How may sets of wires come into the switch box before you started?


----------



## djbgreen (Jun 9, 2015)

When I started there were 2 wires that came in one from the source, and the one that went to the light. I added 2 more wires one to power an outlet, and one that feeds the 2 new lights. The outlet work correctly, and the ceiling light works correctly, just not the 2 new lights.


----------



## bud16415 (Jun 9, 2015)

When you say two wires I assume you mean two cables with two wires in each and a bare ground wire. 
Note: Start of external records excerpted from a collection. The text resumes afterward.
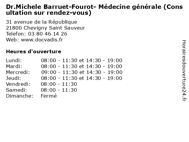 | Mercredi | 09:00-11:30 et 14:30-19:00 |
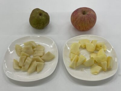 かんちさんが地元産のりんごとラ・フランスをくれた。
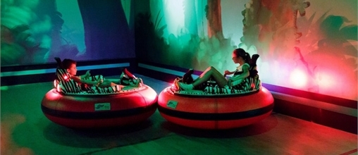 Das sind keine gewöhnlichen Autoscooter, sondern runde und schwankende! Also Kinder, ran ans Steuer, und versucht gar nicht erst, den anderen zu entkommen. Ach was: Immer schön auf die Tube drücken und - wumm, bumm - die anderen zur Seite schieben!
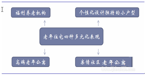 隨著社會發(fā)展,我國的家庭結構逐步走向小型化,老年人的住宅消費觀念也隨之發(fā)生變化,從基本的住宅消費逐步發(fā)展到提高住宅消費品質上來,老年人的需求呈現(xiàn)出多元化的特征。老年公寓市場上已經(jīng)針對不同類型消費群體的高端老年公寓、親情社區(qū)型老年公寓、福養(yǎng)老機構、利性設計獨特的小戶型房等多種產(chǎn)品。
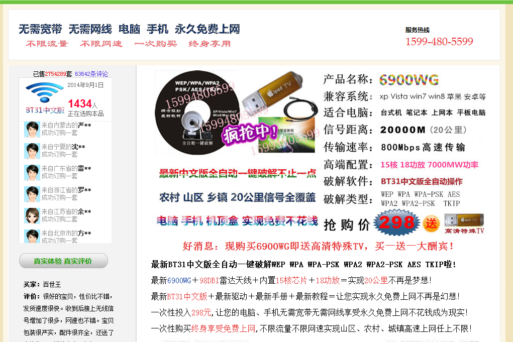 瑞星安全專家指出,蹭網本身就是盜取他人上網賬號及寬帶資源,屬于不正規行為。所謂硬件“蹭網神器”實際上就是一張高功率網卡,正常價格在100元左右,售賣“蹭網神器”的網站為其配上了一套從網上免費下載的黑客破解系統就開價298元,實屬欺詐。
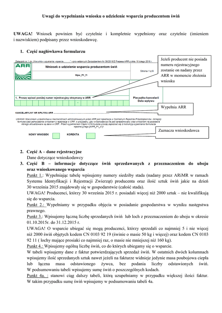 Uwagi do wypełniania wniosku o udzielenie wsparcia producentom świń UWAGA! Wniosek powinien być czytelnie i kompletnie wypełniony oraz czytelnie (imieniem i nazwiskiem) podpisany przez wnioskodawcę. 1. Część nagłówkowa formularzu Jeżeli producent nie posiada numeru rejestracyjnego zostanie on nadany przez ARR w momencie złożenia wniosku Wypełnia ARR Zaznacza wnioskodawca 2. Część A – dane rejestracyjne Dane dotyczące wnioskodawcy 3. Część B – informacje dotyczące świń sprzedawanych z przeznaczeniem do uboju oraz wnioskowanego wsparcia Punkt 1.: Wypełniając tabelę wpisujemy numery siedziby stada (nadany przez ARiMR w ramach Systemu Identyfikacji i Rejestracji Zwierząt) producenta oraz ilość sztuk świń jakie na dzień 30 września 2015 znajdowały się w gospodarstwie (całość stada). UWAGA! Producenci, którzy 30 września 2015 r. posiadali więcej niż 2000 sztuk – nie kwalifikują się do wsparcia. Punkt 2.: Wypełniamy w przypadku objęcia w posiadanie gospodarstwa w wyniku następstwa prawnego. Punkt 3.: Wpisujemy łączną liczbę sprzedanych świń lub loch z przeznaczeniem do uboju w okresie 01.10.2015r. do 31.12.2015 r. UWAGA! O wsparcie ubiegać się mogą producenci, którzy sprzedali co najmniej 5 i nie więcej niż 2000 świń objętych kodem CN 0103 92 19 (świnie o masie 50 kg i więcej) oraz kodem CN 0103 92 11 ( lochy mające prosiaki co najmniej raz, o masie nie mniejszej niż 160 kg). Punkt 4.: Wpisujemy ogólną liczbę świń, co do których ubiegamy się o wsparcie. W tabeli wpisujemy dane z faktur potwierdzających sprzedaż świń. W ostatnich dwóch kolumnach wpisujemy ilość sprzedanych sztuk nawet jeżeli na fakturze widnieje jedynie masa poubojowa ciepła lub łączna masa odstawionego żywca, bez podania liczby odstawionych świń. W podsumowaniu tabeli wpisujemy sumę świń o poszczególnych kodach. Punkt 4a. : stanowi ciąg dalszy tabeli, którą uzupełniamy w przypadku większej ilości faktur. W takim przypadku sumę świń wpisujemy w podsumowaniu tabeli 4a. UWAGA! Wsparcie nie może być udzielone do większej ilości sztuk niż liczba świń uwzględnionych w tabeli poddanych ubojowi w rzeźni w okresie od dnia 01.10.2015r. do 07.01.2016r. Informacja o załącznikach - strona 6 formularzu (zaznaczmy znakiem X) oryginały bądź kopie faktur sprzedaży lub faktur VAT RR, oryginały bądź kopie potwierdzające nabycie spadku, zaistnienia następstwa prawnego bądź przeniesienia własności gospodarstwa, Kopie faktur i dokumentów należy potwierdzić za zgodność z oryginałem poprzez wpisanie na kopi: „Potwierdzam zgodność z oryginałem” oraz datę i podpis wnioskodawcy. pisemna zgoda współposiadaczy gospodarstwa na wypłatę wsparcia producentowi, który się o nią ubiega. Jeżeli gospodarstwo jest przedmiotem współposiadania, wsparcia finansowego udziela się temu ze współposiadaczy, co do którego pozostali współposiadacze wyrazili pisemną zgodę. Wzór zgody stanowi załącznik nr 2 do formularza wniosku. oświadczenie małżonków o wspólności majątkowej gospodarstwa rolnego - w przypadku gdy do wniosku dołączone zostały dokumenty wystawione zarówno na jednego jak i drugiego ze współmałżonków, których ustawowa wspólność majątkowa obejmuje dane gospodarstwo rolne, należy dołączyć do wniosku dodatkowo oświadczenie małżonków o wspólności majątkowej gospodarstwa rolnego - wzór oświadczenia stanowi załącznik nr 3 do formularza wniosku. Informacje dodatkowe: Formularz wniosku o udzielenie wsparcia można uzyskać w Oddziale Terenowym Agencji Rynku Rolnego, w Centrali Agencji Rynku Rolnego, na stronie internetowej Agencji Rynku Rolnego www.arr.gov.pl oraz na stronie internetowej WIR ww.wir.org.pl. Wniosek o udzielenie wsparcia i jego ewentualną korektę należy złożyć w terminie od dnia 18 lutego 2016 r. do dnia 18 marca 2016 r. Poprawnie wypełniony wniosek o przyznanie wsparcia wraz z wymaganymi załącznikami należy dostarczyć osobiście lub rejestrowaną przesyłką pocztową (np. listem poleconym albo za potwierdzeniem odbioru) na adres właściwego OT ARR (OT ARR Poznań 60-324 Poznań, ul. Marcelińska 90 tel. (61) 852-14-33, fax (61) 853-67-95 ), Producent świń zobowiązany jest do przechowywania wszelkiej dokumentacji związanej z udziałem w mechanizmie „Tymczasowa nadzwyczajna pomoc dla rolników w sektorach hodowlanych” przez okres 5 lat licząc od roku, w którym wypłacone zostało wsparcie. Opracowanie na podstawie materiałów ARR
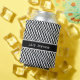 Add your name, or that of a friend, to the editable region of this template for a fun, unique gift. If you want to stop there, you may. Alternately you can click "customize" and change your font, or even re-position the personalized element in this design. // Your personal details appear over a white-bordered-black-band. Under that, and covering the entire surface of the design, is a curvy, vertical black and white pattern with a retro vibe.
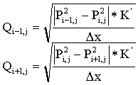 Необходимо принять во внимание, что во временном слое можно вычислить расход газа по соседним давлениям. А при перемещении по времени можно определить давление, если известно предыдущее состояние соседних по x расходов.
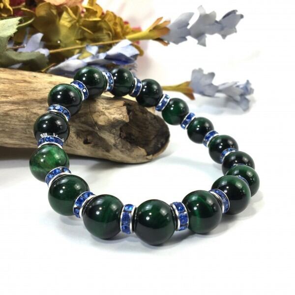 パワーストーン ブレスレット グリーンタイガーアイ 12mm (ブルー)メンズ・レディース 男性・女性 数珠ブレス 開運 ☆

Sounds like you powered the new lights off the wrong side of the switch. The switch turns on and off the hot leg of the circuit so one side of the switch is always hot. You want the new lights connected to the other side of the switch.


----------



## nealtw (Jun 9, 2015)

The power coming in and the new outlet wires have blacks connected with three black pig tails, one going to each switch and all the whites connected together.


----------



## djbgreen (Jun 9, 2015)

Thank you. Does it matter that the original ceiling light still turns on and off? I wired the two new lights just like the ceiling light, and the ceiling light still turing on and off, but the two new lights just stay on.


----------



## djbgreen (Jun 9, 2015)

Yes, the black wire from the source comes in and I have the black outlet, black ceiling light, and black wire for the 2 new lights connected to a wire that goes to the switch. the white and groung are done the same way.


----------



## nealtw (Jun 9, 2015)

I think you are explaining right, check your work and make sure.


----------



## JoeD (Jun 9, 2015)

Not completely understanding your connections. This is how they should be.
All the whites connected together.
All the grounds connected together.
The black power, the black receptacle and two black pigtails connected together.
The black pigtails, one each connected to one screw of each switch.
The black from old light to second screw of one switch.
The black for new light to second screw of new switch.


----------



## djbgreen (Jun 9, 2015)

Thanks I will check them


----------



## beachguy005 (Jun 9, 2015)

I'm thinking that the 2 conductors that were on the original switch, were black and a white with black.  You probably have power coming to the switch from the fixture.  If that's the case the white, which should have black color on its end, is going to be hot.
Because that white is a power supply, your new lights will always be on.


----------



## nealtw (Jun 10, 2015)

djbgreen said:


> Thanks I will check them



How did you do, is it working now


----------